Another lawsuit takes aim at Michigan tax foreclosure law that lets counties keep profits
Can a county government seize a home for back taxes, sell it for price that exceeds the tax debt, and pocket the profits?
That issue is at the heart of the lawsuit that Erica Perez filed against Wayne County and County Treasurer Eric Sabree Tuesday.
Wayne County foreclosed on the Perez family’s Detroit home in 2017 over a $144 tax debt. The county then sold the property for $108,000, according to the lawsuit’s complaint.
Perez says her family bought the property on a land contract in 2012 for $60,000. The family lives in New Jersey, but Perez says they planned to move into it eventually.
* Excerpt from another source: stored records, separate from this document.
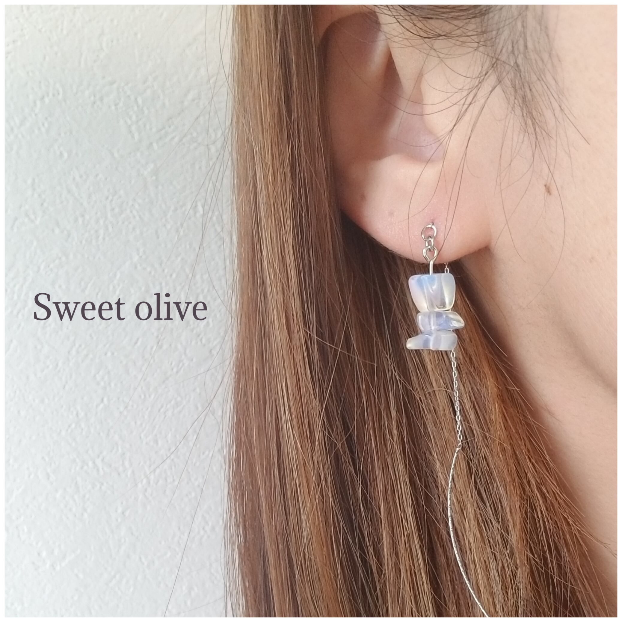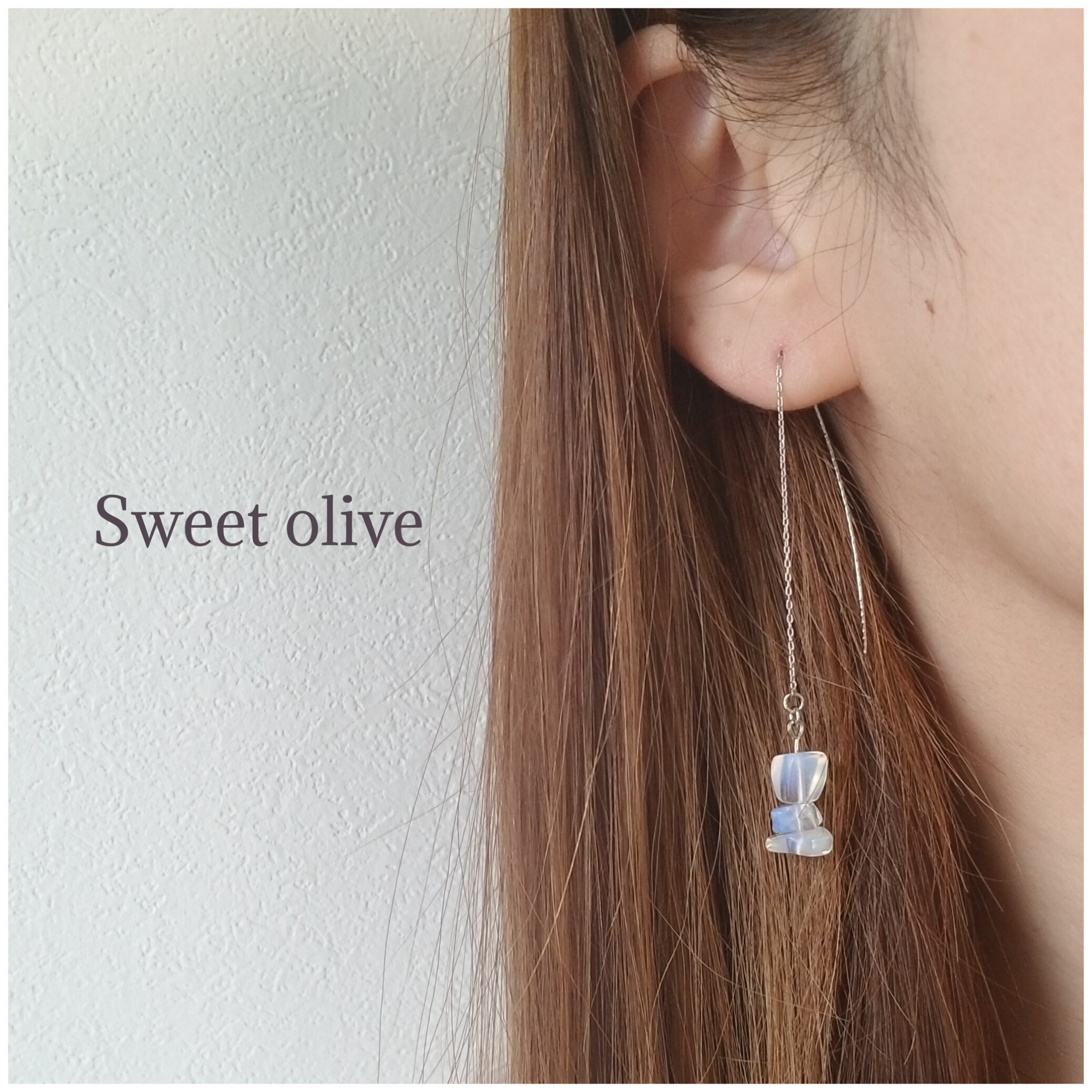 天然石のムーンストーンのさざれ石をアメリカンピアスにしました♪
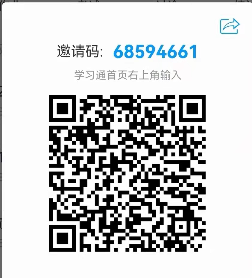 下载并注册“学习通”APP,在主页 点击右上角方框扫描下图二维码(或输入邀请码68594661)。
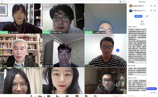 开云新闻网3月17日电 (通讯员 黄日 曾姝)3月14日,校研团委首场云上“启航讲堂”顺利举行。本次活动邀请kaiyun开云官方网站法学院教授、全国新型冠状病毒肺炎专家组成员王晨光主讲。王晨光以“疫情背景下对我国法律制度完善的思考”为主题,为同学们带来了一场生动的法学教育课、就业指导课。活动共吸引了来自全校十余个院系的90名同学参与其中,师生共聚一堂,展开思想的交流与碰撞。
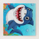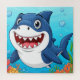 Cute artistic portrayal of a grinning blue shark in an underwater setting surrounded by vibrant coral.
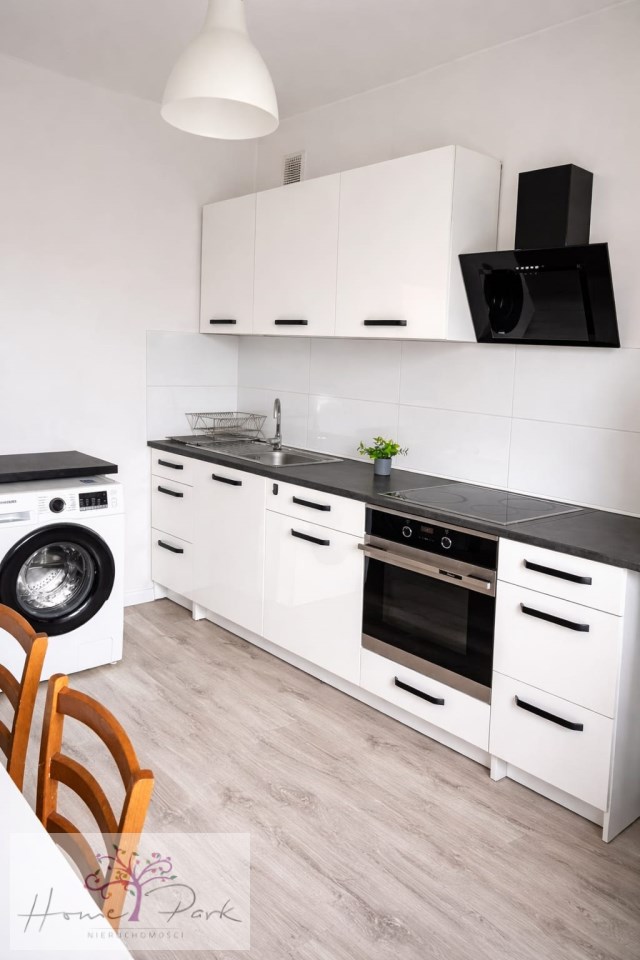 Mieszkanie wyposażone jest w zabudowę kuchenną oraz sprzęt AGD, w tym m.in.:

In the meantime, they spent years fixing up the property and renting it out.
Meanwhile, they paid their property taxes—over $3500 worth from 2013-17, according to the lawsuit. But they inadvertently underpaid in 2014 by $144, later accumulating another $356 in interest and penalties. Perez says they never knew about the tax debt or pending foreclosure until after it happened because the Wayne County Treasurer’s office sent notices to a former address.
“It’s just like so much money was put into it,” Perez said. “All my dad’s like savings…then they just took it like, nothing.”
Christina Martin is with the Pacific Legal Foundation, and one of Perez’s attorneys. She says Wayne County had a right to collect on that debt, but that any profit it made amounts to theft of the Perez’s home equity.
“Michigan’s property tax law authorizes this sort of injustice, but the constitution and traditional rules that date all the way back to Magna Carta prohibit such government-sanctioned theft,” Martin said.
Martin says Michigan law gives counties a “perverse incentive” to foreclose on properties rather than working with homeowners, because counties can keep the profits, rather than refunding anything beyond the debt amount to the property owners.
“Wayne County has been using the sale of foreclosed properties to supplement and balance its budget, just like it used a $144 debt to foreclose on the Perez family’s property, and to get a windfall of $107,000,” Martin said.
This case is similar to one the Michigan Supreme Court has already agreed to take up. In that case, Uri Rafaeli lost his rental property to foreclosure in Oakland County after underpaying his taxes by $8.41.
Martin says the Perez case is an important addition to that lawsuit and other similar pending litigation because it presents additional legal arguments against the Michigan statute. For example, counties have defended the practice of pocketing foreclosure surpluses by calling tax foreclosure a type of civil asset forfeiture, and saying the takings amount to a kind of fine for failing to follow the law.
But, “if it is a punishment it is clearly excessive” and in violation of the U.S. constitution, argued Pacific Legal Foundation attorney David Deerson. In the case of the Perez family, “it is plainly unfair and unjust to keep the surplus, and they’ve got to give it back.”
Mario Morrow, a spokesperson for Wayne County Treasurer Eric Sabree, declined to comment on the pending litigation, other than to say, “We follow the law tooth and nail. If we do not follow the law we are in violation.”